Exercise » Retype the data that follows line by line, exactly, and leave its pictures out.

Collected material »

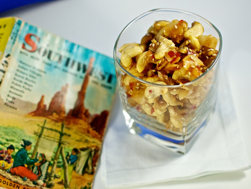 In anticipation of our flight to Albuquerque this weekend, I have been looking for some interesting, primal-friendly snacks for the plane. Traveling in coach, one usually gets the choice of peanuts, cookie wafers, or chips – or a deep breath of recycled air. Well, our snacks are going to be the envy of the travelers seated in the exit row section! These wok-roasted cashew nuts are both sweet and a little spicy, although slightly sticky. Good thing we’ve been saving extra packages of hand wipes from the local barbecue joints!
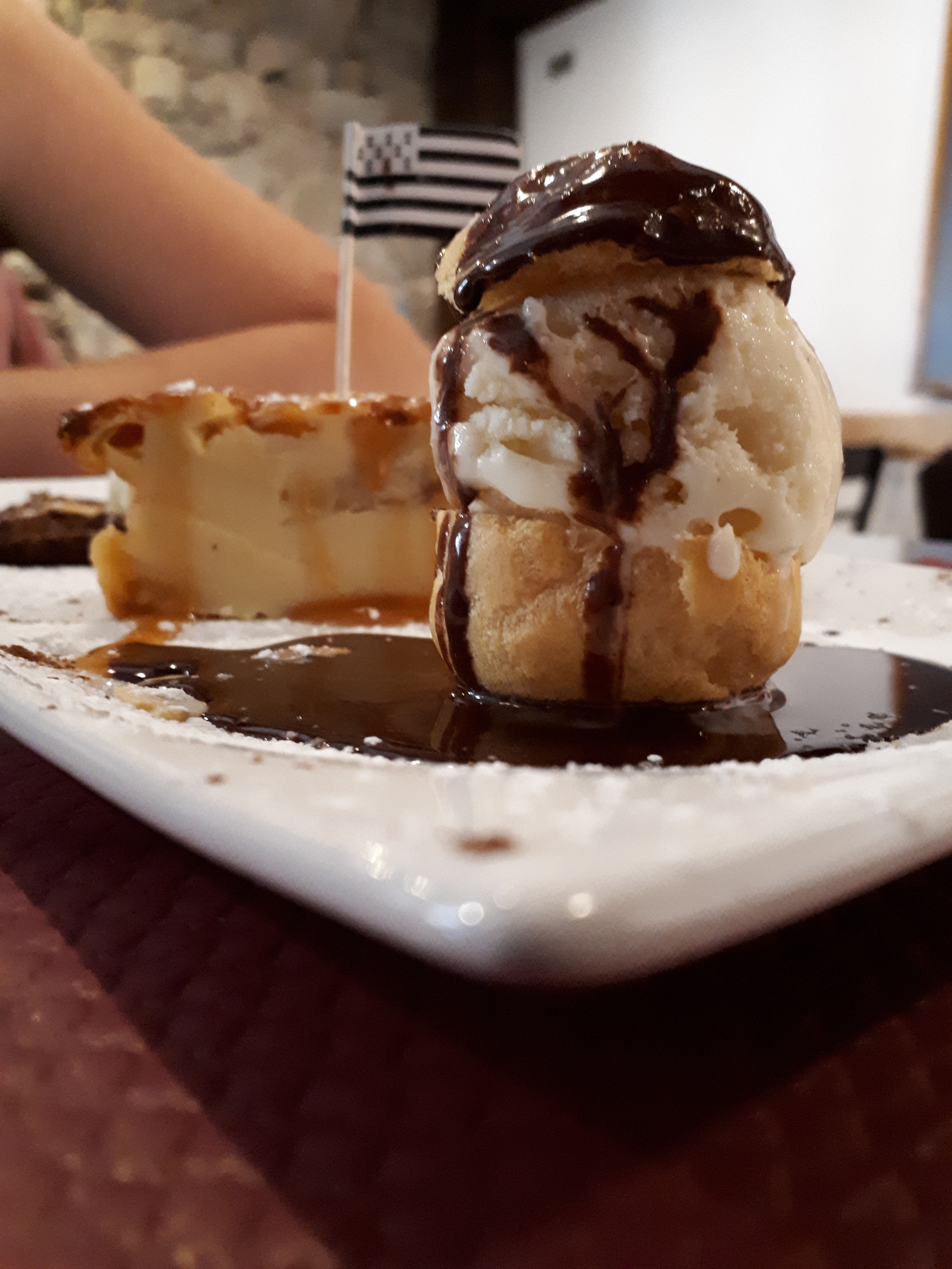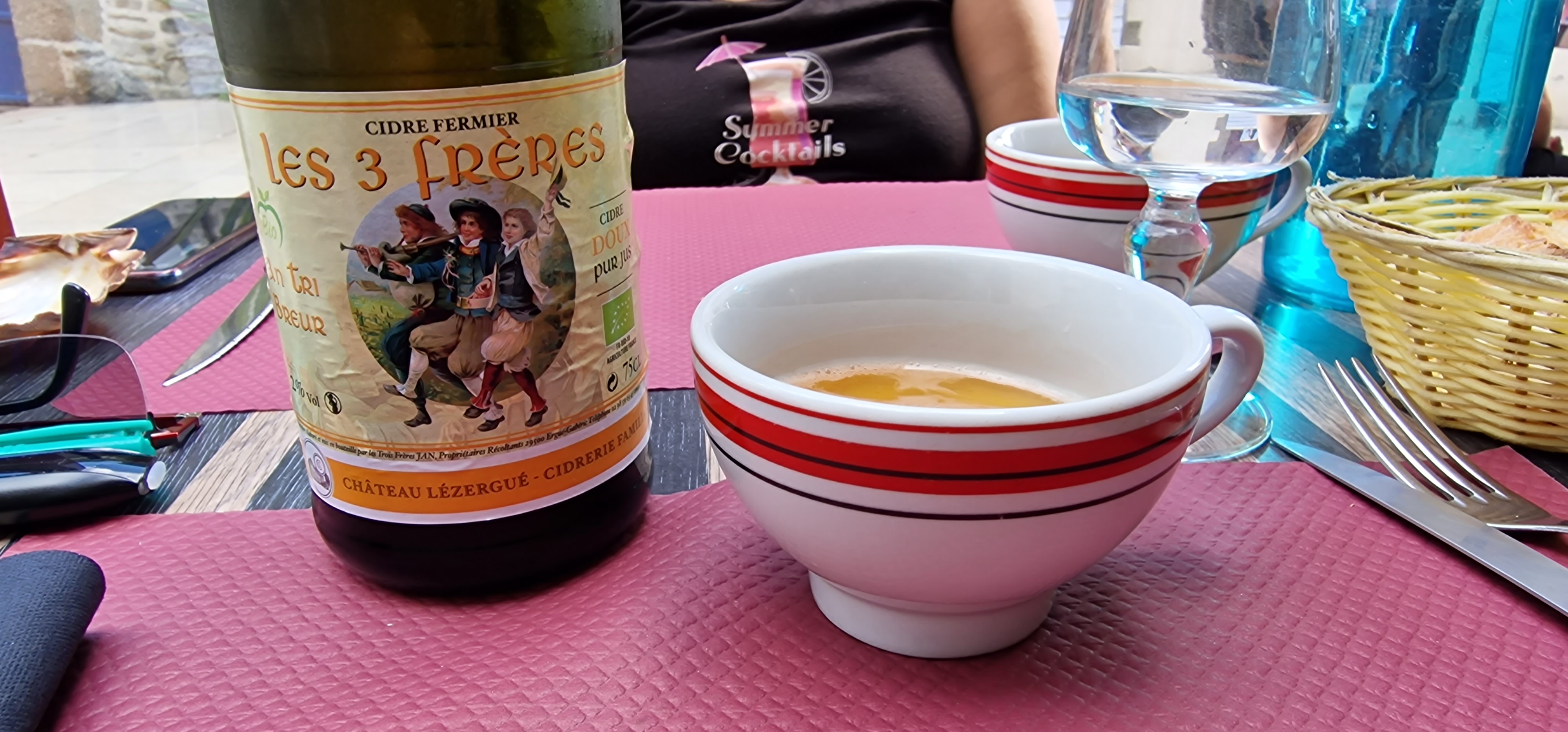 Une belle promenade dans la ville close nous ouvre l'appétit. Nous avons trouvé cette crêperie fort sympathique avec une charmante serveuse qui nous a fait déguster de très bonnes crêpes avec le cidre qui va avec. J'en ai prise une au miel et citron avec amandes grillées...avec en supplément une boule de glace au blé noir..... PARFAIT.
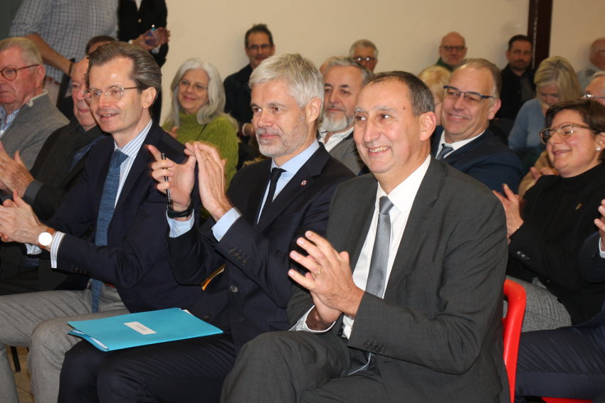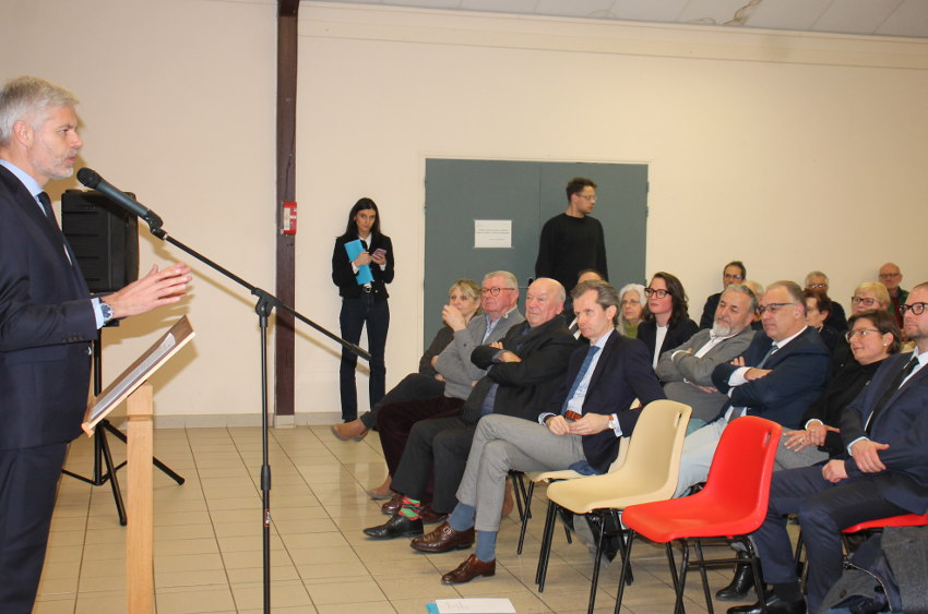 Vint le moment si attendu par la salle où, accompagnée de Céline BAHR, la conseillère régionale, Guillaume LARRIVE en maître de cérémonie en sa qualité de président des Républicains 89, précédé de Grégory DORTE, pénétra dans la salle avec à ses côtés Laurent WAUQUIEZ, l’ancien président de la Région Auvergne-Rhône-Alpes et aujourd’hui président du groupe des députés de la droite républicaine au Palais Bourbon.
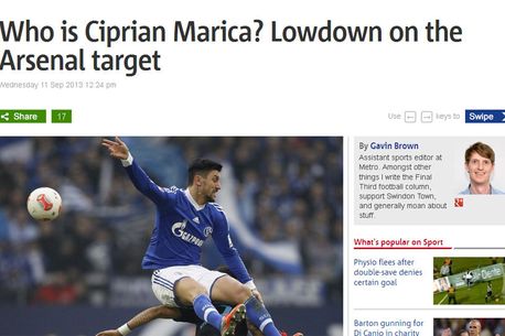 Jurnaliștii de la Metro îl prezintă pe internaționalul român drept un jucător „pe gustul lui Arsene Wenger” și trec în revistă întreaga carieră a vârfului de atac.

Written answer »
 In anticipation of our flight to Albuquerque this weekend, I have been looking for some interesting, primal-friendly snacks for the plane. Traveling in coach, one usually gets the choice of peanuts, cookie wafers, or chips – or a deep breath of recycled air. Well, our snacks are going to be the envy of the travelers seated in the exit row section! These wok-roasted cashew nuts are both sweet and a little spicy, although slightly sticky. Good thing we’ve been saving extra packages of hand wipes from the local barbecue joints!
 Une belle promenade dans la ville close nous ouvre l'appétit. Nous avons trouvé cette crêperie fort sympathique avec une charmante serveuse qui nous a fait déguster de très bonnes crêpes avec le cidre qui va avec. J'en ai prise une au miel et citron avec amandes grillées...avec en supplément une boule de glace au blé noir..... PARFAIT.
 Vint le moment si attendu par la salle où, accompagnée de Céline BAHR, la conseillère régionale, Guillaume LARRIVE en maître de cérémonie en sa qualité de président des Républicains 89, précédé de Grégory DORTE, pénétra dans la salle avec à ses côtés Laurent WAUQUIEZ, l’ancien président de la Région Auvergne-Rhône-Alpes et aujourd’hui président du groupe des députés de la droite républicaine au Palais Bourbon.
 Jurnaliștii de la Metro îl prezintă pe internaționalul român drept un jucător „pe gustul lui Arsene Wenger” și trec în revistă întreaga carieră a vârfului de atac.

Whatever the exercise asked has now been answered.